Provided information =>
=== Section Start ===
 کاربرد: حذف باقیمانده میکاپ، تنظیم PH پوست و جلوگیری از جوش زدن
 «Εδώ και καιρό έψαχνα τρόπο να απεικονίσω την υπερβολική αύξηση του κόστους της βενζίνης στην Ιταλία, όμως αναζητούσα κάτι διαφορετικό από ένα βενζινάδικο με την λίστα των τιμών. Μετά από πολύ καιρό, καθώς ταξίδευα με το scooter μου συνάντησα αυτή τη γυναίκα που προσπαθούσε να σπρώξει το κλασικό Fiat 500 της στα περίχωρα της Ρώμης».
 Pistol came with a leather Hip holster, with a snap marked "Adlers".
=== Section End ===
=== Section Start ===
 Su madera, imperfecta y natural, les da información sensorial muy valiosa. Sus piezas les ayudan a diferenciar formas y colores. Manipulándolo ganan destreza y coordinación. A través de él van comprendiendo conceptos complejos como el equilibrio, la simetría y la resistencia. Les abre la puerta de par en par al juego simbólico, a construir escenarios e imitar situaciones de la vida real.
=== Section End ===
Task to carry out => Taking the entries above, restate exactly those lines that fall between the line with "کاربرد: حذف باقیمانده" and the line with "Pistol came with", keeping both of those lines too.

Answer section =>
 کاربرد: حذف باقیمانده میکاپ، تنظیم PH پوست و جلوگیری از جوش زدن
 «Εδώ και καιρό έψαχνα τρόπο να απεικονίσω την υπερβολική αύξηση του κόστους της βενζίνης στην Ιταλία, όμως αναζητούσα κάτι διαφορετικό από ένα βενζινάδικο με την λίστα των τιμών. Μετά από πολύ καιρό, καθώς ταξίδευα με το scooter μου συνάντησα αυτή τη γυναίκα που προσπαθούσε να σπρώξει το κλασικό Fiat 500 της στα περίχωρα της Ρώμης».
 Pistol came with a leather Hip holster, with a snap marked "Adlers".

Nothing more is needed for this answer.